ご丁寧に端っこに布団と座布団が人数分置いてある。
「ここは?」
「こんだけの人数をいれれて安いといったらここしかなかったの。」
「金取るのか?」
「もちろん、お金は銃などを売ったり。任務をクリアするともらえる仕組みになってるの。」
「なるほどな……」
それぞれ座布団を持ってきて輪になるようにして固まる。
みんな荷物らしきものは何一つ持ってきていない。
「ここでみんなにいい知らせと、悪い知らせがあるけどどっち聞きたい?」
「そりゃあ、いい知らせからだろ」
雅一が即答するとみんなも頷く。
「いい知らせは、神様はどうもやさしいらしく。シャワーとお風呂のシステムが加わってるわよ。あと食事できるよう、設定されている。」
「やった」
「嬉しい」
などと騒がしくなるところで雅一はカノンに聞く。
「そういえば、何でシャワーや食事が必要なんだ?」
「それは、人間が習慣としているところでの行動がないと、意外にだめなの。

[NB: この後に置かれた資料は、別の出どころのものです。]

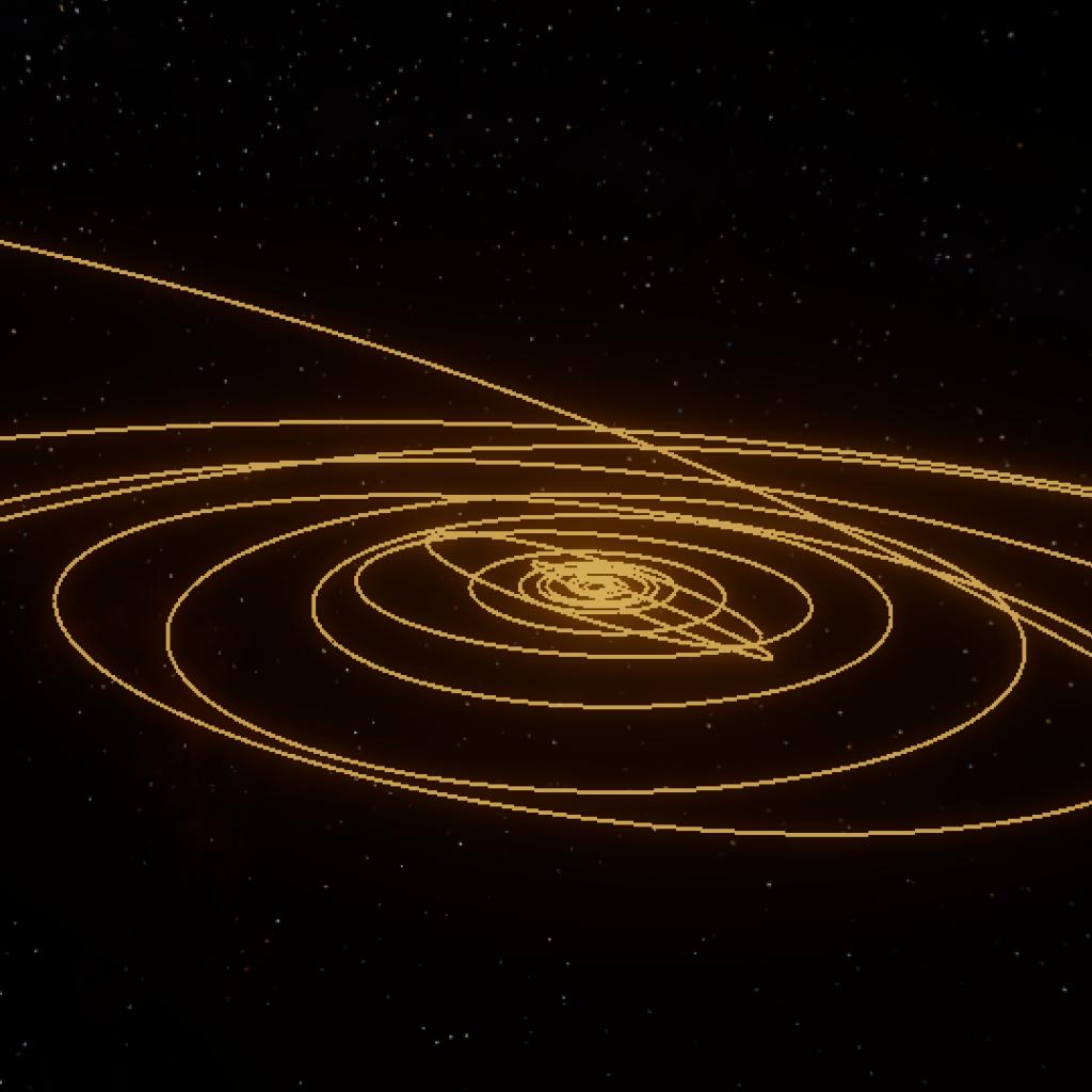 The System That has Planets from KSP dubbed into SA 2138 System. but the orbits are jumbled to make it look cooler. I also made the orbit lines orange because I wanted to make it more cooler that what Ive expect.

だからVRMMOは、必ず5時間で落ちるようになってるでしょ」
「確かにそうだな」
VRMMOは、長時間プレイによる、現実世界の体の変調をきたさないために5時間と決めている。
5時間過ぎると強制退場させられるのだ。だから、いつもやるときは時間に気を付けていたのだ。
「でも、食べなくてもいいよな?」
実質昨日から何も食べていないことに気付くそれは、空腹にならなかったことが一番大きかったのだ。

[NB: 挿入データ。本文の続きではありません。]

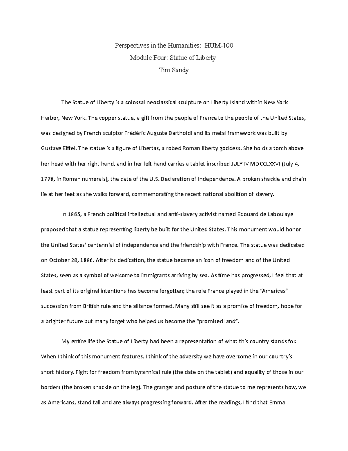 Module 4 - Statue of Liberty - Perspectives in the Humanities: HUM ...

「そうね。GCT自体、別に食べる必要もないし、寝る必要もない。でも、人間の習慣はなかなか変える事が出来ないの。だから寝るし食べるの。でも、アイテムで体力回復系のレーションならあったはず。」
レーションはパックの中に入っていて進軍の際や作戦中などに簡単に食べれるものだ。
「次に悪い知らせは…………」
「悪い知らせは…」
みんな静かになりカノンに耳を傾ける。
「米軍から任務が入って、次は米軍基地がある館山まで行くことになったわ」
カノンがMCDを指さしながら言った。